# MNIST Classification: Demo Notebook
1. **Random Forest (RF)** - Traditional machine learning model.
2. **Feed-Forward Neural Network (NN)** - A simple neural network.
3. **Convolutional Neural Network (CNN)** - Designed for image processing.
Goals:
1. Load and preprocess the MNIST dataset  
2. Train and evaluate each model  
3. Compare performance metrics  
4. Test models with edge cases (e.g., noisy, rotated images)  


In [9]:
import numpy as np
import matplotlib.pyplot as plt
import seaborn as sns

In [10]:
import torch
import torch.nn as nn
import torch.optim as optim
from torchvision import datasets, transforms
from sklearn.ensemble import RandomForestClassifier
from sklearn.metrics import accuracy_score, confusion_matrix

In [11]:
from mnist_classifier import MnistClassifier


Used libraries:
- `numpy`, `matplotlib`, `seaborn` - Data handling and visualization
- `torch`, `torchvision` - Deep learning models (NN and CNN)
- `sklearn.ensemble.RandomForestClassifier` - Random Forest model
- `sklearn.metrics.accuracy_score` - Accuracy evaluation
- `MnistClassifier` - custom model wrapper

Before training the models, some requirement must be met:
1. Loading the MNIST dataset.
2. Normalizing pixel values (0 to 1 range).
3. Flattening images (for Random Forest).
4. Converting data into PyTorch tensors (for NN and CNN).


In [12]:
transform = transforms.Compose([transforms.ToTensor(), transforms.Normalize((0.5,), (0.5,))])
train_data = datasets.MNIST(root='./data', train=True, transform=transform, download=True)
test_data = datasets.MNIST(root='./data', train=False, transform=transform, download=True)

100.0%
100.0%
100.0%
100.0%


In [13]:
X_train = train_data.data.numpy().reshape(len(train_data), -1) / 255.0
y_train = train_data.targets.numpy()
X_test = test_data.data.numpy().reshape(len(test_data), -1) / 255.0
y_test = test_data.targets.numpy(

SyntaxError: incomplete input (1197704416.py, line 4)

In [None]:
train_loader = torch.utils.data.DataLoader(train_data, batch_size=64, shuffle=True)
test_loader = torch.utils.data.DataLoader(test_data, batch_size=64, shuffle=False)

In [None]:
plt.imshow(train_data.data[0], cmap='gray')
plt.title(f"Label: {train_data.targets[0]}")
plt.show()

We train Random Forest on flattened MNIST images and evaluate its accuracy on test data.

In [None]:
rf_classifier = MnistClassifier("rf")
rf_classifier.train(X_train, y_train)

y_pred_rf = rf_classifier.predict(X_test)
print("Random Forest Accuracy:", accuracy_score(y_test, y_pred_rf))


In [None]:
nn_classifier = MnistClassifier("nn")
nn_classifier.train(train_loader)
y_pred_nn = nn_classifier.predict(test_loader)
print("Feed-Forward NN Accuracy:", accuracy_score(y_test, y_pred_nn))

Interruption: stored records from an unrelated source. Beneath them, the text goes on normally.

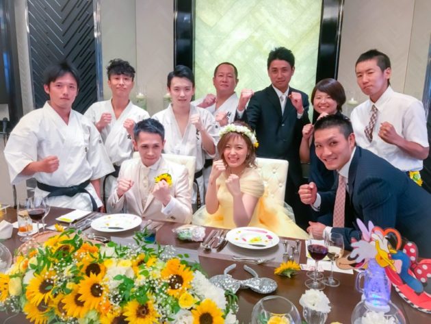 披露宴では懐かしの誠空会メンバーで演武を披露。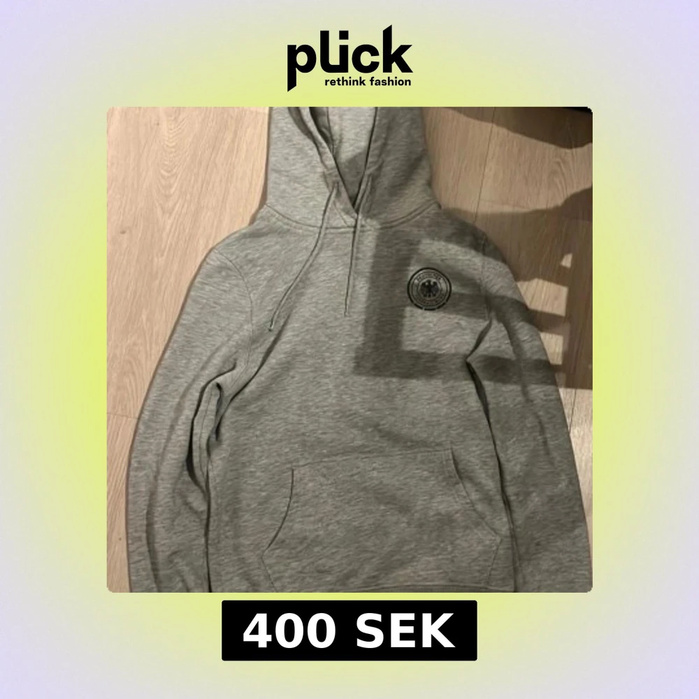 Säljer en grå hoodie med tryck från Tyskland. Den har en stor ficka framtill och ett tryck med texten 'Germany' och 'Deutscher Fussball Bund' på ryggen.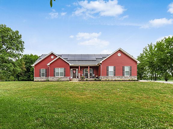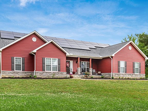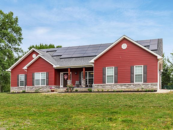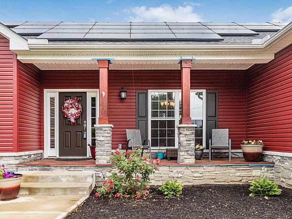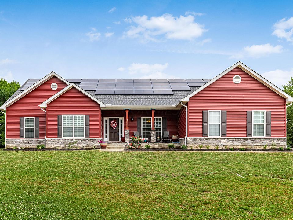This 3 bedroom 2 bathroom Ranch-style home built by American's Home Place. The property sits on a sprawling 2 acre lot surrounded by trees. The Olentangy School District is an added bonus, making this home an excellent choice for families w/ school-aged children. Upon entering the home, you are greeted by a spacious front porch that leads to an open floor plan with 11' vaulted ceilings, creating a bright & airy atmosphere. The interior features warm oak wood flooring throughout, custom blinds, & wood-tiered kitchen cabinets against beautiful granite countertops. Stainless steel appliances & natural lighting add to the home's charm, making it a perfect place to entertain guests. The property offers modern comforts like public water & sewer, along w/ solar panels. Shed offers adt storage.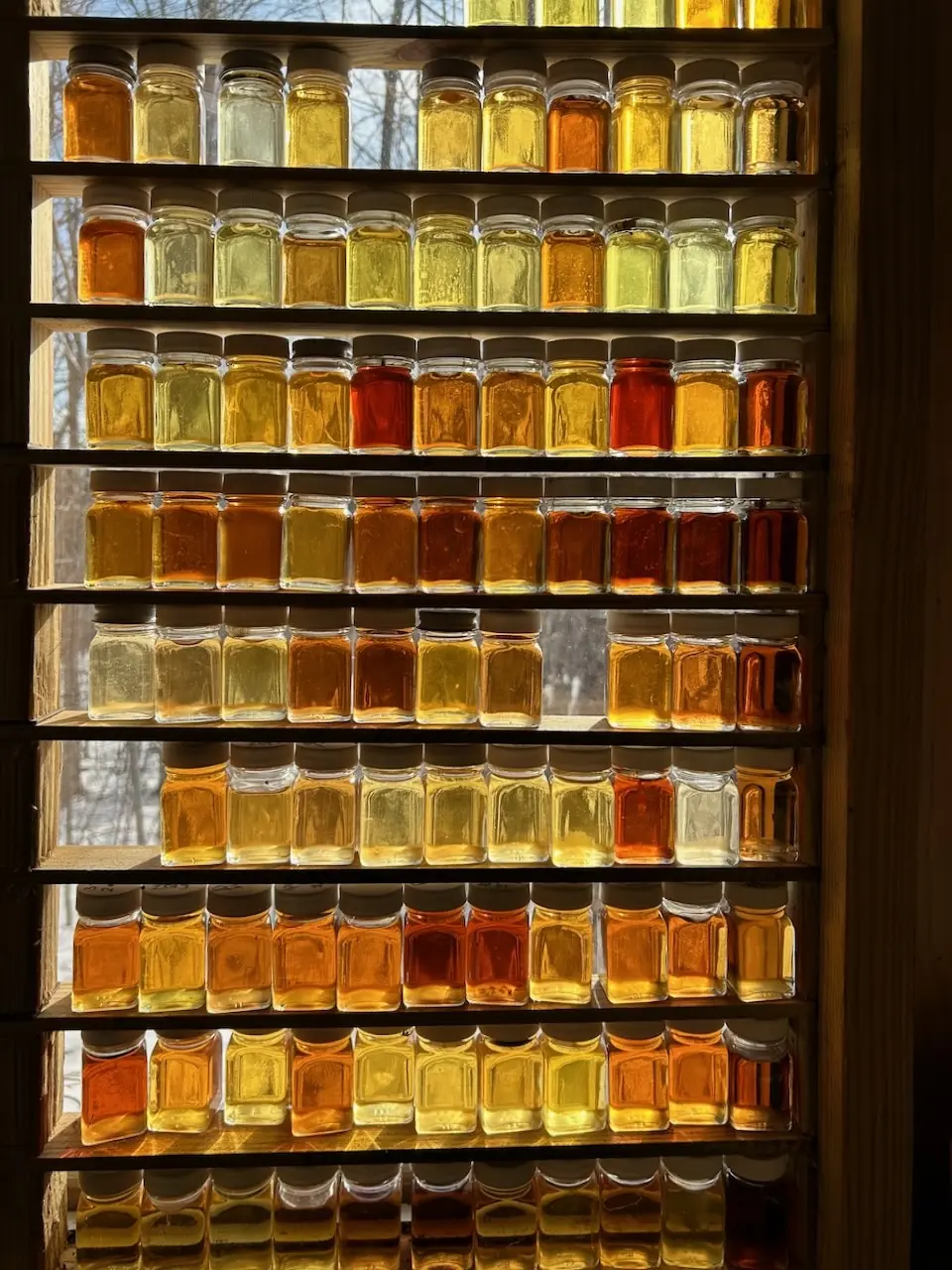 All maple syrup is graded on light transmittance - golden, amber, dark, and very dark. You can't taste light, so we prioritize flavor. Using gas chromatography and mass spectrometry (GC-MS) we have identified the molecules in our syrup that you can smell and taste.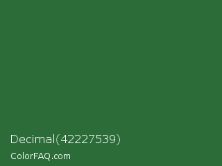 Decimal 42227539 Color is a dark green color and the nearest color is Mughal Green #306030. Hex code #2b6c39 and RGB value is rgb(43,108,57). In RGB color space, this color is composed of 17% red, 42% green, 22% blue, In CMYK color space, this color is composed of 60% cyan, 0% magenta, 47% yellow , 58% black , In HSL color space, this color has a hue angle of 133° , 43% saturation and 30% lightness.

we train CNN on raw MNIST images and compare its performance to RF and NN.

In [None]:
cnn_classifier = MnistClassifier("cnn")
cnn_classifier.train(train_loader)
y_pred_cnn = cnn_classifier.predict(test_loader)
print("CNN Accuracy:", accuracy_score(y_test, y_pred_cnn))

# Evaluating Edge Cases to see how models generalize to unseen variations
1. **Noisy images** - Blurred or corrupted digits.
2. **Rotated images** - Handwritten digits tilted at different angles.
3. **Partially erased digits** - Incomplete numbers.

In [None]:
import cv2
def add_noise(image):
    noise = np.random.normal(0, 0.3, image.shape)
    return np.clip(image + noise, 0, 1)
original_img = test_data.data[1].numpy() / 255.0
noisy_img = add_noise(original_img)

plt.subplot(1, 2, 1)
plt.imshow(original_img, cmap='gray')
plt.title("Original")

plt.subplot(1, 2, 2)
plt.imshow(noisy_img, cmap='gray')
plt.title("Noisy")

plt.show()


# Conclusion
1. Random Forest is fast but less effective on images.
2. Feed-Forward NN performs well but struggles with spatial information.
3. CNN achieves the best accuracy as it captures spatial patterns effectively.